Encyclopedia of AIDS

Living Edition
| Editors: Thomas J. Hope, Douglas Richman, Mario Stevenson

NKT Cells: Bridging Innate and Adaptive Immunity

Living reference work entry
DOI: https://doi.org/10.1007/978-1-4614-9610-6_198-1


Invariant natural killer T-cells (iNKTs) are an innate T-cell subset unique in their possession of an invariant T-cell Receptor (TCR) and nonclassical antigen presentation mechanism through the CD1d molecule. iNKTs recognize glycolipids presented on the nonpolymorphic major histocompatibility complex (MHC) class I-like CD1d molecule, unlike conventional T-cells which recognize peptides presented on MHC class I/II molecules. iNKTs can rapidly produce multiple cytokines in response to activation.
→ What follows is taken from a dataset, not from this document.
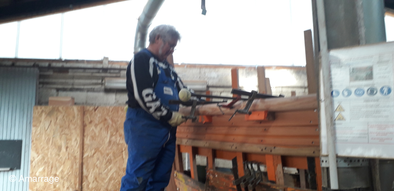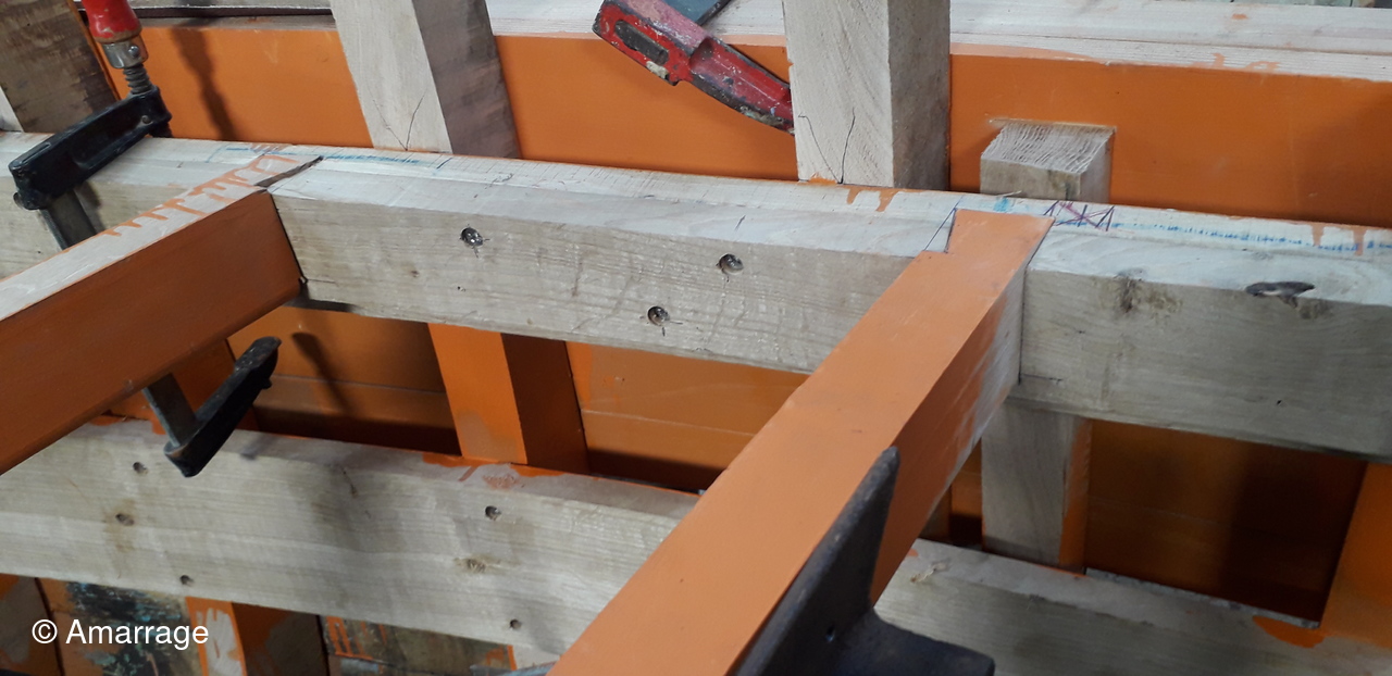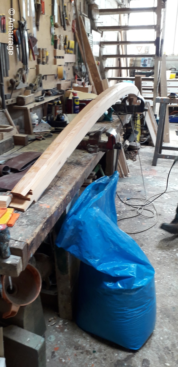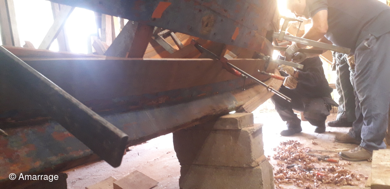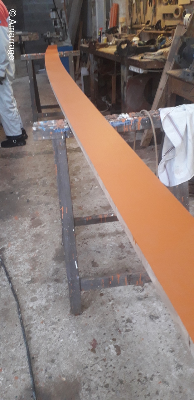 HAIZ DU RAZ: le bateau est fermé - fabrication de 37 membrures ployées - mise en chantier des barrots avant et arrière.
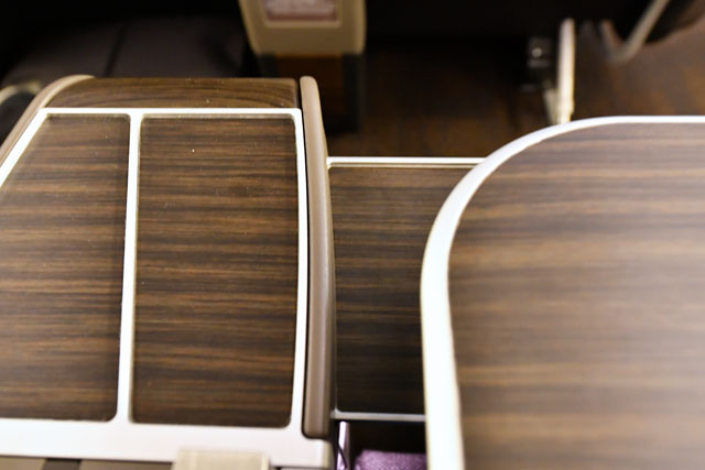 ANAの新プレミアムクラスのセンターコンソールとカクテルトレー=19年11月16日 PHOTO: Tadayuki YOSHIKAWA/Aviation Wire

This rapid cytokine production allows iNKTs to be powerful modulators of the immune response. iNKTs can produce T-helper type 1 (Th1), Th2, and Th17 cytokines depending on stimulus strength, type of stimulation, iNKT subset, and presenting cell type. As a result, iNKTs are able to affect and modulate immune responses to a variety of diseases, both chronic and infectious – including a potentially important role in controlling human immunodeficiency virus (HIV) infection. The ability of...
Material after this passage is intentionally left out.